Practically nowhere in new designs. You might encounter gilberts in vintage relay and transformer datasheets from the 1940s–1960s, in older American and European magnetic component catalogs, or in classic electrical engineering textbooks. Any modern magnetic circuit analysis uses ampere-turns (A·T) for MMF.
How do I convert gilberts to ampere-turns?
Multiply gilberts by 10/(4π) ≈ 0.7958 to get ampere-turns. Wait — that is backwards. Multiply gilberts by 0.7958 to get amperes for a single-turn coil. For MMF conversion: 1 gilbert = 0.7958 ampere-turns. So a relay spec of 5 Gi needs about 4 ampere-turns to actuate — for instance, 4 turns at 1 A or 8 turns at 0.5 A.

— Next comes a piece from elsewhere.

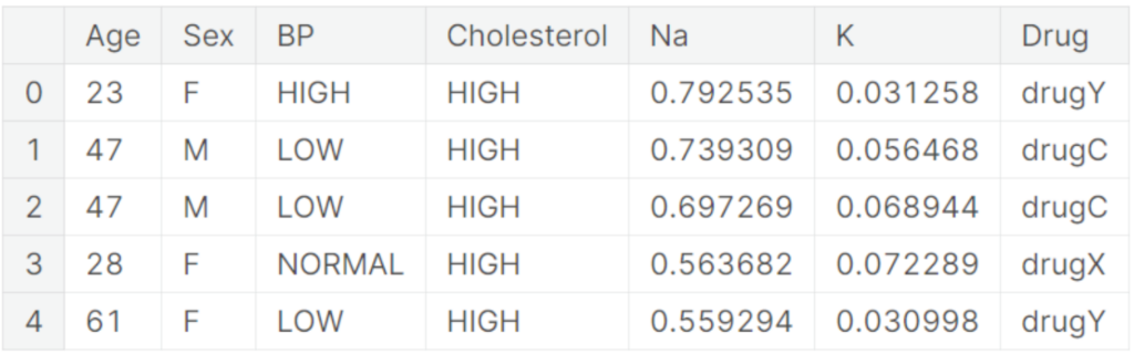 دادههایی که در اختیار دارید شامل اطلاعات پزشکی بیماران است: سن، جنسیت، فشار خون، کلسترول، میزان سدیم و پتاسیم در خون، و داروی تجویز شده. فرض بر این است که هر بیمار تنها یک دارو دریافت کرده است. مدیر از شما میپرسد: «چه مسئلهای میتوانیم با این دادهها حل کنیم که ارزش افزودهای برای کلینیک داشته باشد؟»
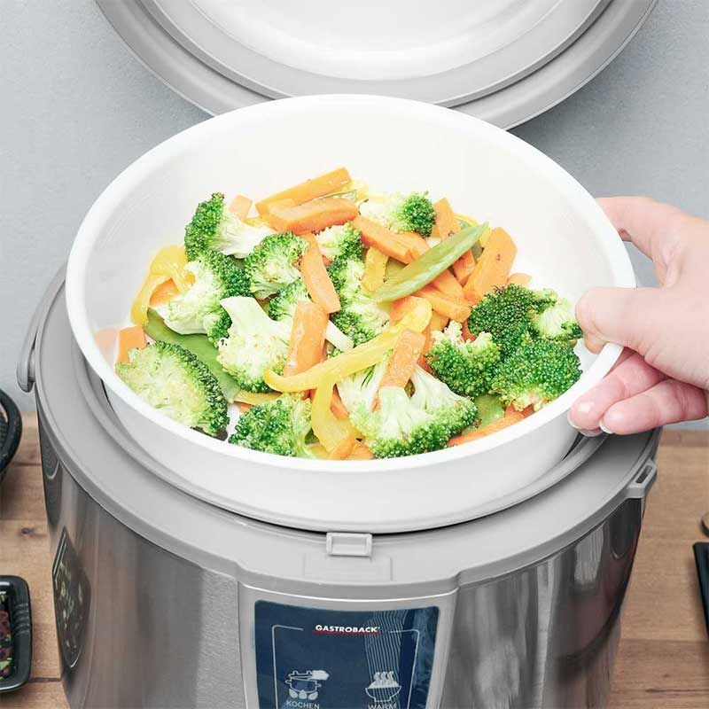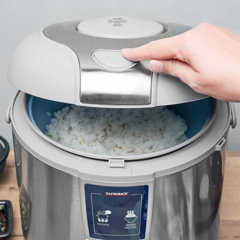 پلوپز گاستروبک مدل 42518 یک دستگاه حرفهای ۶ نفره با توان ۷۰۰ وات، ظرفیت ۵ لیتر و قابلیت بخارپزی است که برای پخت برنج یکنواخت و سریع طراحی شده است.

Coulomb per second – Frequently Asked Questions
Why bother writing coulombs per second when it is just amperes?
In dimensional analysis and physics derivations, C/s makes the relationship between charge and current explicit. When you are computing how much silver an electroplating bath deposits (Faraday's law), writing current as C/s reminds you that charge = current × time, which directly gives the mass deposited.
How many electrons is one coulomb?
One coulomb is approximately 6.242 × 10¹⁸ electrons — about 6.2 quintillion. At 1 C/s (1 A), that many electrons pass a point in your wire every single second. A USB cable charging your phone at 2 A carries 12.5 quintillion electrons per second. The numbers are staggering but the charges are tiny.
Is coulombs per second used in any real-world instrument or specification?
Not directly — every instrument reads in amperes or milliamperes. But coulomb-counting battery fuel gauges internally track charge in coulombs by integrating current over time: ∫I dt. The C/s framing appears in battery management system firmware and electrochemistry literature where charge balance matters.
How does Faraday's law of electrolysis use coulombs to predict metal deposition?
Faraday discovered that the mass of metal deposited at an electrode is directly proportional to the total charge passed (in coulombs). For silver, 107.87 grams deposit per 96,485 C (one Faraday). So a 10 A electroplating bath running for 1 hour passes 36,000 C and deposits about 40 g of silver. Thinking in C/s makes the calculation: current × time × atomic weight / (valence × 96,485).
How does coulomb counting work in battery management systems?
A shunt resistor or Hall sensor continuously measures current flowing in and out of the battery. The BMS integrates this current over time (summing C/s × Δt) to track net charge. Drift and measurement errors accumulate, so smart BMS designs periodically recalibrate against voltage-based state-of-charge estimates.